Is it a humorous dig at those who are fond of cheap sportswear and fake jewellery? Or is there something more, as the author of the book suggests?

 

For anyone interested in the book, here's a review, which also addresses the topic question a little as well;

 

Owen Jones's indignant, well-argued debut begins with a joke: "It's sad that Woolworth's is closing. Where will all the chavs buy their Christmas presents?" This was uttered by the host of a dinner party attended by the author in "a gentrified part of east London", at which liberal views are taken as a given and, though everyone present has a professional job, not everyone is white, male or straight.

 

Jones, who is in his late 20s and has worked both as a trade-union lobbyist and as a parliamentary researcher for a Labour MP, doesn't say how he reacted to this mindless put-down at the time. Did he refuse to eat the blackcurrant cheesecake that was being "carefully sliced" as his host sought to fill an awkward silence? Did he storm out and call time on their friendship?
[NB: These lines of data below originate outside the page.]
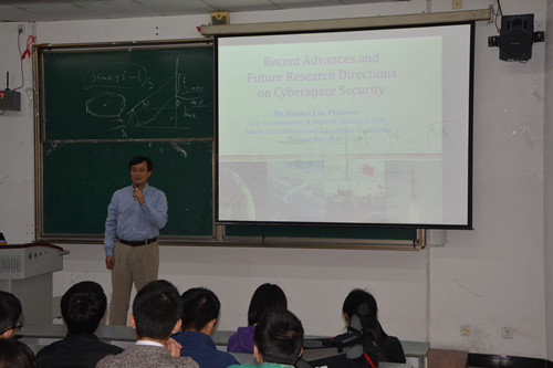 【本网讯】11月17日下午,北京航空航天大学电子信息工程学院党委书记刘建伟教授应信息安全工程学院邀请,莅临我校作了题为“网络安全中的一些热点研究课题”的学术讲座。讲座由信息安全工程学院副院长张仕斌主持,学院教师、研究生和相关专业的本科生参加了本次讲座。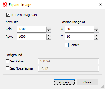 The Expand Image command enlarges the image by extending the image border to a larger area. The result is the original image data Imbedded in a background of uniform intensity. This command is usually used before Imbedding images into the background.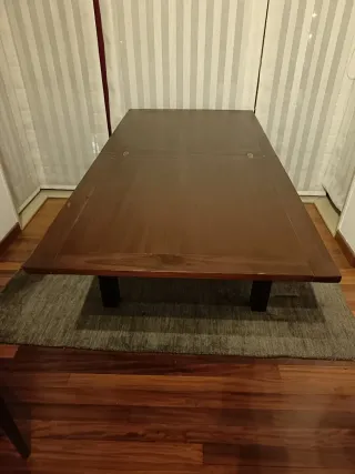 Mesa de madera con cuatro sillas tambien de madera. La mesa mide 135x81 cm. La mesa se abre por los dos lados hasta los 207 cm. Los lados que abren no son de madera son de contrachapado y uno de ellos esta tocado(ver fotos). Esta en Vilaboa-A Coruña.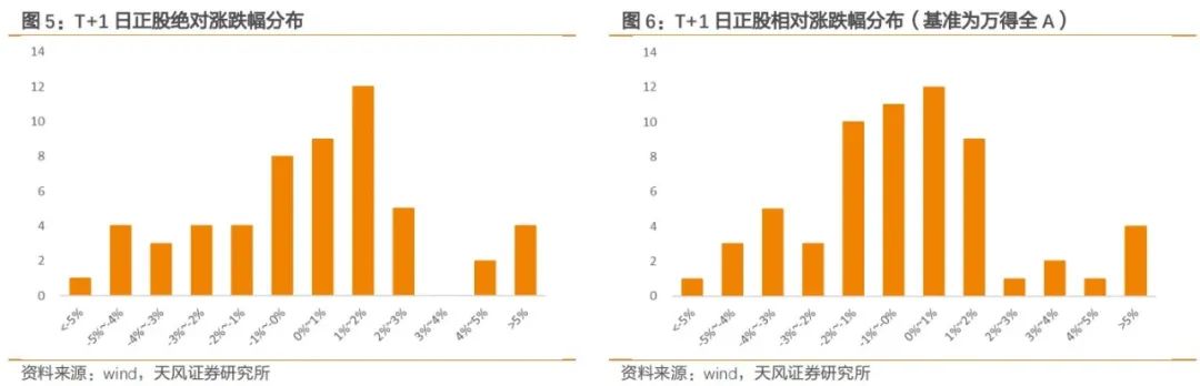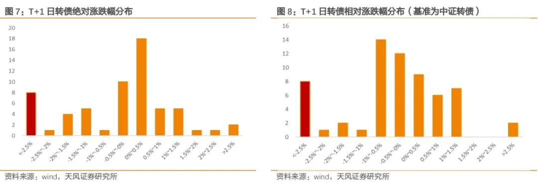 T 1日下调评级转债绝对涨跌幅中位数为0.03%,相对涨跌幅中位数为-0.27%,但跌幅大于2.5%的频次显著高于正态分布,或说明下调评级对部分转债产生了较大的冲击。

Whatever he did on the night, its casual malice led him, indirectly, to write this book, which argues that class hatred is the last acceptable prejudice.

 

Chavs is persuasively argued, and packed full of good reporting and useful information. Jones singles out for opprobrium middle-class contempt towards working-class people, those regarded by rightwing commentators such as Simon Heffer as the "feral underclass". In this caricature, peddled by spittle-flecked websites such as chavscum.co.uk and tacitly endorsed by the mass media, "chav" means "underclass", which means working-class people who don't keep their noses clean or behave impeccably. The word's etymology is contested: some accounts associate its origin with chavi, a Romany word for "child" or "youth", which developed into "charva"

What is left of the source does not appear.